DIRECTIONS FOR THIS TASK: Copy the lines below word for word, skipping any image.

Records from a dataset

━━━━━━━━━━━━━━━━

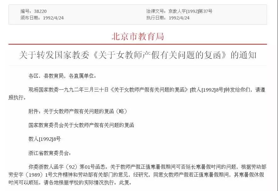 北京市1992年就转发了原国家教委《关于女教师产假有关问题的复函》。
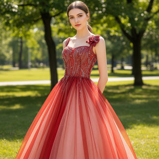 Cette robe de soirée ornée de perles scintillantes et dotée de fines bretelles est idéale pour une occasion formelle. Les paillettes brilleront de mille feux, vous assurant une allure élégante et remarquable. Les fines bretelles offrent également maintien et confort, vous permettant de danser toute la nuit en toute confiance.
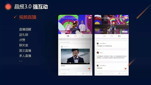 不僅如此,在“視頻直播”版塊,用戶(hù)可以邊看直播邊送禮物、點(diǎn)贊、進(jìn)入聊天室發(fā)表意見(jiàn);在“問(wèn)吧”、“投票”、“爆料”等版塊,用戶(hù)可以把疑問(wèn)、意見(jiàn)建議和身邊大小事通過(guò)APP平臺(tái)發(fā)送給晶報(bào),形成雙方互動(dòng)等等。
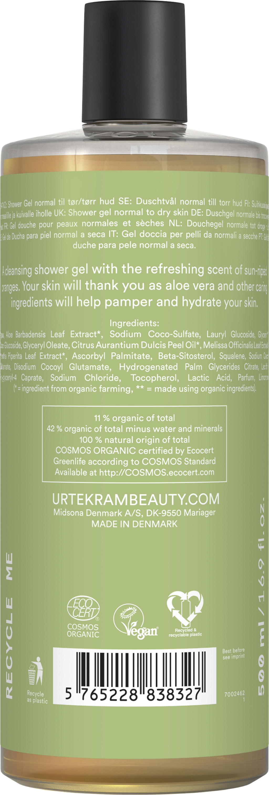 Zrele pomaranče podarijo gelu, pridih svežine, medtem ko izjemno visoka vsebnost aloe vere omogoča mehke mehurčke, ki so polni vlažilne nege za vašo kožo.
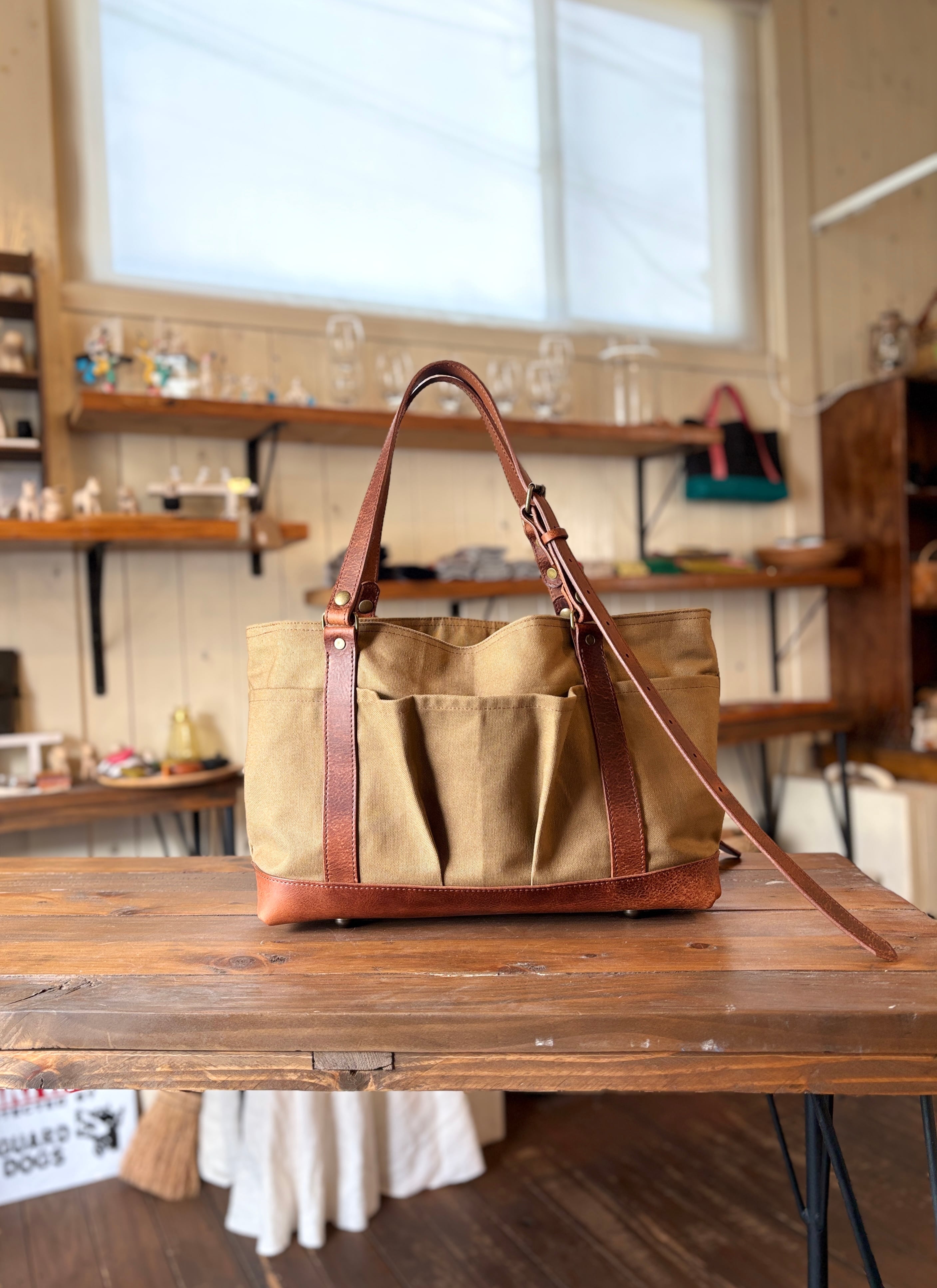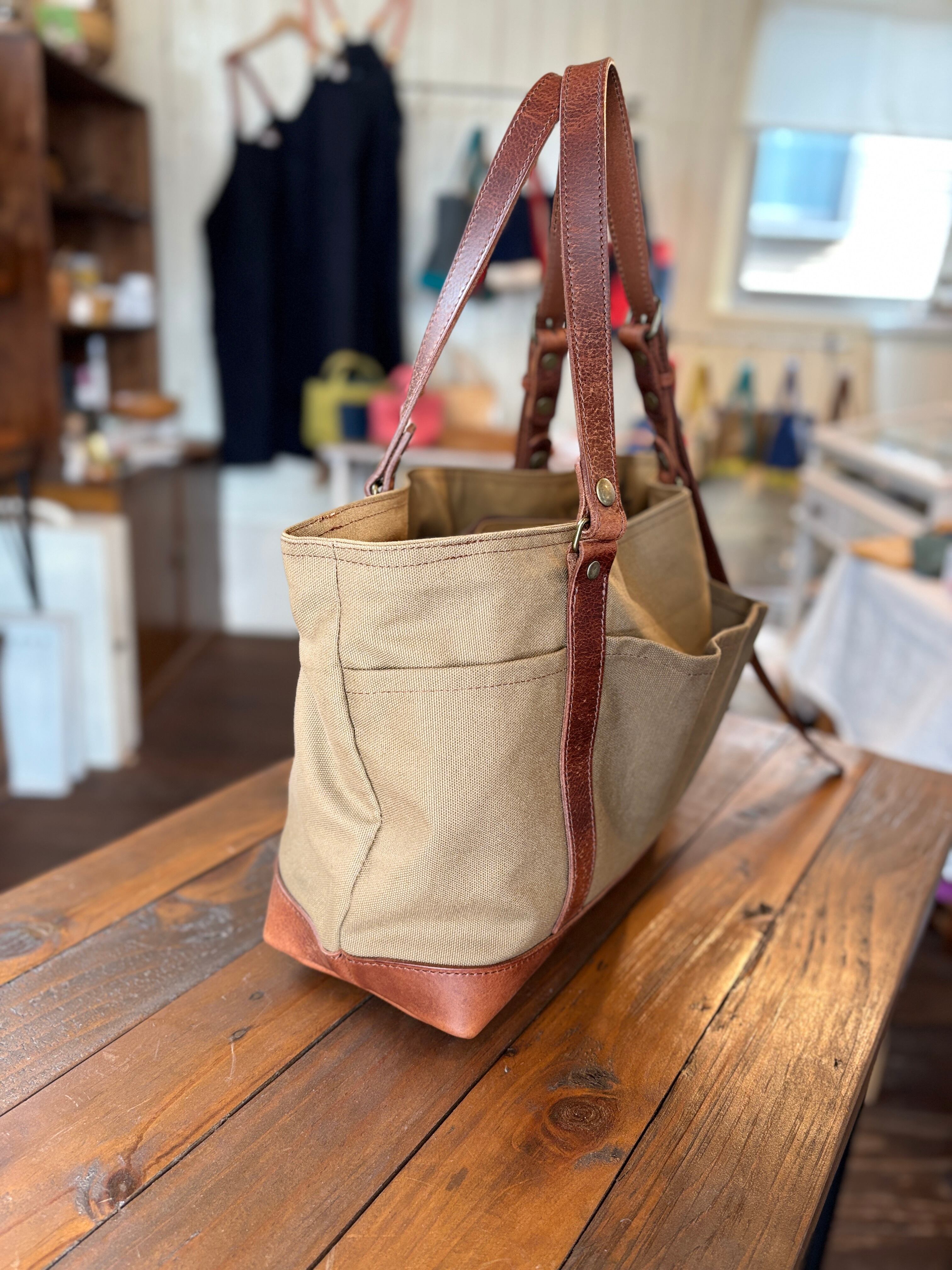 帆布×本革のトートバッグ ブラウン|上品&カジュアルに

━━━━━━━━━━━━━━━━

RESULT OF THE EXERCISE:
 北京市1992年就转发了原国家教委《关于女教师产假有关问题的复函》。
 Cette robe de soirée ornée de perles scintillantes et dotée de fines bretelles est idéale pour une occasion formelle. Les paillettes brilleront de mille feux, vous assurant une allure élégante et remarquable. Les fines bretelles offrent également maintien et confort, vous permettant de danser toute la nuit en toute confiance.
 不僅如此,在“視頻直播”版塊,用戶(hù)可以邊看直播邊送禮物、點(diǎn)贊、進(jìn)入聊天室發(fā)表意見(jiàn);在“問(wèn)吧”、“投票”、“爆料”等版塊,用戶(hù)可以把疑問(wèn)、意見(jiàn)建議和身邊大小事通過(guò)APP平臺(tái)發(fā)送給晶報(bào),形成雙方互動(dòng)等等。
 Zrele pomaranče podarijo gelu, pridih svežine, medtem ko izjemno visoka vsebnost aloe vere omogoča mehke mehurčke, ki so polni vlažilne nege za vašo kožo.
 帆布×本革のトートバッグ ブラウン|上品&カジュアルに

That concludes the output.